Building on something that won’t stay still

Right now, almost everything is being built on top of AI models.

Tools, workflows, products, integrations. All of it sits on systems that are changing very quickly. You build something today, and tomorrow the model behaves differently. New capabilities appear. Old limitations disappear.

I don’t think this makes current work useless. There is value in building, experimenting, and learning. But it feels temporary. Like building on ground that doesn’t stay in place long enough to settle.

A lot of what’s being built feels like wrappers around capabilities that haven’t stabilized yet.

Production is accelerating faster than demand

What keeps bothering me is the imbalance between production and demand.

AI lets us produce far more than before, we’ve got more code, more content, more features, more products. But demand doesn’t move at the same pace.

Historically, productivity gains haven’t led to people working less or transitioning smoothly into other kinds of work. Companies optimize for cost. They reduce headcount. They do more with fewer people.

I don’t see a clear reason why this would be different this time.

Productivity doesn’t automatically create meaning. It doesn’t automatically create need. And it doesn’t guarantee a soft transition for the people displaced by it.

Replacement feels irreversible

I do believe that if I can do something well enough, cheaper, and faster, it will eventually do it. Once that happens, the old version doesn’t come back. This seems especially true in software.

I started using AI early, and the combination of AI tools and developer expertise was incredibly powerful. I’ve watched the models and surrounding tools evolve. What stands out is that the goal switched very early from helping people write make things faster. The direction seems broader: automate every task that can be automated.

I don’t think all this is necessarily bad. Things not being done by humans isn’t inherently a problem even if it feels very uncomfortable and can be source of anxiety.

The real uncomfortable question is what are we doing instead?

And more importantly, who is actually waiting for people to figure that out.
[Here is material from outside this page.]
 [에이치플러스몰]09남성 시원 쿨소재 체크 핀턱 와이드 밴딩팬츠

Historically, transitions don’t pause. They happen, and people adapt afterward, or don’t.

What feels heavier, slower, more real

If anything here feels like it might last, it’s not what’s built with AI, but what AI depends on.
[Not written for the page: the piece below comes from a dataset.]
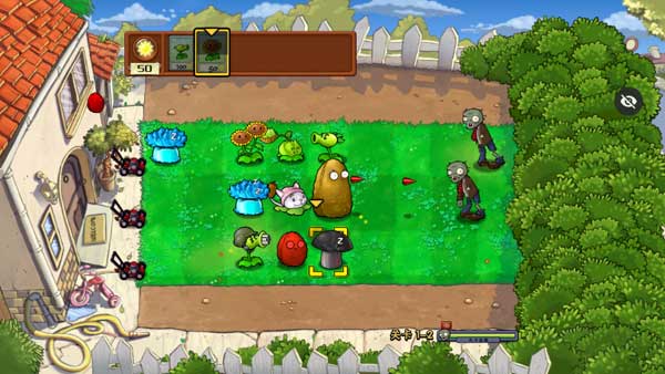 5、当各种各样的植物出现并防御时,玩家需要做的就是确保僵尸不会闯进家门吃掉你的脑子。

Most current products feel like application-layer work, wrappers around rapidly advancing models. They can create short-term value, but they don’t feel durable. As models improve, many of these things become trivial to reproduce or get absorbed by larger platforms with more data, compute, and distribution.

Once capabilities stabilize at a high enough level, it becomes very hard to compete at that layer.
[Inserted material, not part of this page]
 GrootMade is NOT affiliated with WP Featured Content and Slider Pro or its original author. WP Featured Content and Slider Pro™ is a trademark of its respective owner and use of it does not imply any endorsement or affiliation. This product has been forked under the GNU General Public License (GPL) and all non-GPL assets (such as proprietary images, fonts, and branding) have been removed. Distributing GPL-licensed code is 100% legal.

What feels heavier is the infrastructure and everything that allows AI to exist without breaking things.

These things move slower than capabilities. They are harder to replace. They don’t disappear just because models get better.

Even that part of the industry doesn’t have a place for everyone, but it feels more grounded than everything built on top of constantly shifting capabilities.

Right now, that’s the only part that feels somewhat stable to me.

Sitting in the middle of it

I don’t know what direction it will take, everything is still blurry. We’re clearly in the middle of it, not at the beginning and not anywhere close to the end.